Serving Whitman County since 1877
All systems are go on the Port of Whitman County’s $12 million fiber optic project after the agency signed a cooperative agreement with the project’s parent company last week.
Port commissioners agreed to the deal with Northwest Open Access Network, or NOAnet, at their regular meeting last Thursday, Dec. 16. NOAnet was the main recipient of an $84 million federal stimulus grant in March to lay fiber optic cable across unserved areas of rural Washington.
The port received a $10 million slice of that pie to link Clarkston, Pullman and Spokane with four bundles of 144 strands each of glass fiber optic wire. The line would run along state right-of-ways along highways through Spangle, Rosalia, Oakesdale, Garfield and Palouse.
The agreement with NOAnet allows the port to proceed with contracts for engineers and construction firms to do the work.
The port must put up $2 million of its own funds as a local match for the federal dollars.
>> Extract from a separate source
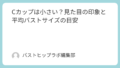 なお、Bカップよりもう少し大きいサイズとして、Cカップの見た目が気になる方もいるかもしれません。Cカップのサイズ感や平均との関係については、こちらの記事でも詳しく解説しています。

That money, which will come out of port reserve funds, is expected to be recouped by leasing the new lines to telecommunications companies. The port has revised a payment plan on some projects and now gets revenue from lease payments on present fiber optic lines in the Pullman and St. John areas. Also, the port reserves have been augments by sales of a lot at the Colfax airport, a business incubator building at the Pullman Industrial Park and the former port office building in Colfax.
Signing of the contract with NOAnet had been delayed while port officials determined whether federal law would allow the port to lease access to the lines.